# [Exercise requirements]
Write out the data exactly as given, dropping every picture.

*** Task inputs

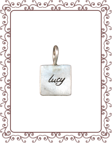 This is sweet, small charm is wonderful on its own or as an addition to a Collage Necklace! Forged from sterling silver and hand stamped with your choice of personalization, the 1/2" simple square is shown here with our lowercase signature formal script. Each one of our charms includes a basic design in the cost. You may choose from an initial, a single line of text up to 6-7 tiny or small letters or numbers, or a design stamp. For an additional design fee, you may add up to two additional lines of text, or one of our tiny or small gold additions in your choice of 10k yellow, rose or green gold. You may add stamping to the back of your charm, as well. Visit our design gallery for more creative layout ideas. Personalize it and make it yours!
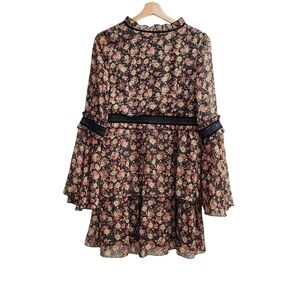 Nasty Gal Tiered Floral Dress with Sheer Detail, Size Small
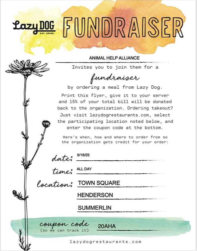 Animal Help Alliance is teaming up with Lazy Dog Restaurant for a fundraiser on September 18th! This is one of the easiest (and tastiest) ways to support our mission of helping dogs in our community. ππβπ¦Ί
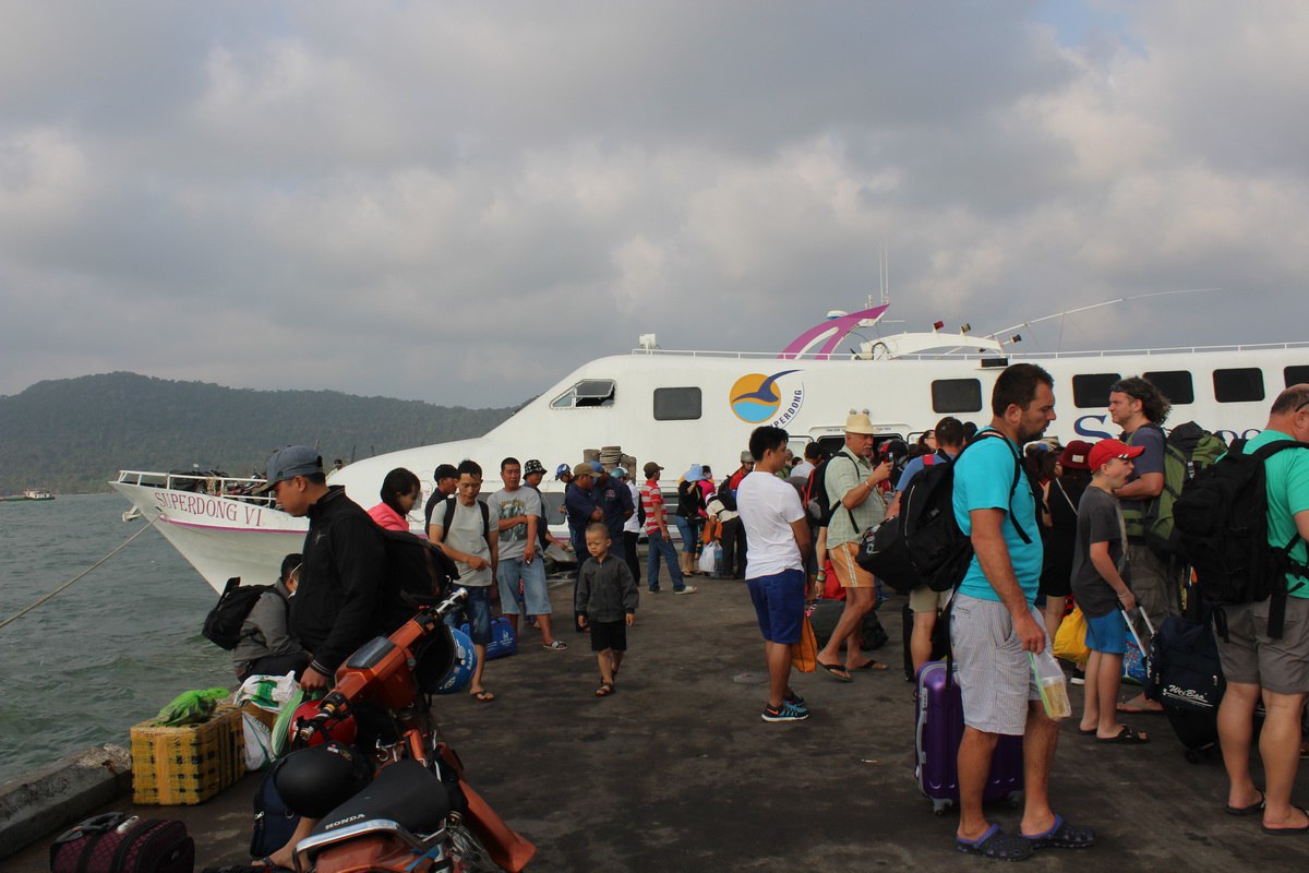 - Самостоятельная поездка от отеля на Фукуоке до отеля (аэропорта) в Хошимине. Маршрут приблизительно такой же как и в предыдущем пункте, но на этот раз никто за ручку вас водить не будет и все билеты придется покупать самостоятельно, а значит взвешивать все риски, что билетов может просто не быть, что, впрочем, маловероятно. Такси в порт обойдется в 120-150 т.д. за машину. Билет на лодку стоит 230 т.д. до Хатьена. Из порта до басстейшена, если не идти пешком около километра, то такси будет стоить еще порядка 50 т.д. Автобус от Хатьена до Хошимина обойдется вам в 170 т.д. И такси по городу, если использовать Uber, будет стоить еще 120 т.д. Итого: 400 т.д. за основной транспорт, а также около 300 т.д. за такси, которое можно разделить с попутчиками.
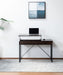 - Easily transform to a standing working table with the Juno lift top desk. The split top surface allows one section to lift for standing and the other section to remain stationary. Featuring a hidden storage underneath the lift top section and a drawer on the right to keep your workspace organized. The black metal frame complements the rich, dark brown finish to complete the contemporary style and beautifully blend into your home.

******

# [Expected answer]
 This is sweet, small charm is wonderful on its own or as an addition to a Collage Necklace! Forged from sterling silver and hand stamped with your choice of personalization, the 1/2" simple square is shown here with our lowercase signature formal script. Each one of our charms includes a basic design in the cost. You may choose from an initial, a single line of text up to 6-7 tiny or small letters or numbers, or a design stamp. For an additional design fee, you may add up to two additional lines of text, or one of our tiny or small gold additions in your choice of 10k yellow, rose or green gold. You may add stamping to the back of your charm, as well. Visit our design gallery for more creative layout ideas. Personalize it and make it yours!
 Nasty Gal Tiered Floral Dress with Sheer Detail, Size Small
 Animal Help Alliance is teaming up with Lazy Dog Restaurant for a fundraiser on September 18th! This is one of the easiest (and tastiest) ways to support our mission of helping dogs in our community. ππβπ¦Ί
 - Самостоятельная поездка от отеля на Фукуоке до отеля (аэропорта) в Хошимине. Маршрут приблизительно такой же как и в предыдущем пункте, но на этот раз никто за ручку вас водить не будет и все билеты придется покупать самостоятельно, а значит взвешивать все риски, что билетов может просто не быть, что, впрочем, маловероятно. Такси в порт обойдется в 120-150 т.д. за машину. Билет на лодку стоит 230 т.д. до Хатьена. Из порта до басстейшена, если не идти пешком около километра, то такси будет стоить еще порядка 50 т.д. Автобус от Хатьена до Хошимина обойдется вам в 170 т.д. И такси по городу, если использовать Uber, будет стоить еще 120 т.д. Итого: 400 т.д. за основной транспорт, а также около 300 т.д. за такси, которое можно разделить с попутчиками.
 - Easily transform to a standing working table with the Juno lift top desk. The split top surface allows one section to lift for standing and the other section to remain stationary. Featuring a hidden storage underneath the lift top section and a drawer on the right to keep your workspace organized. The black metal frame complements the rich, dark brown finish to complete the contemporary style and beautifully blend into your home.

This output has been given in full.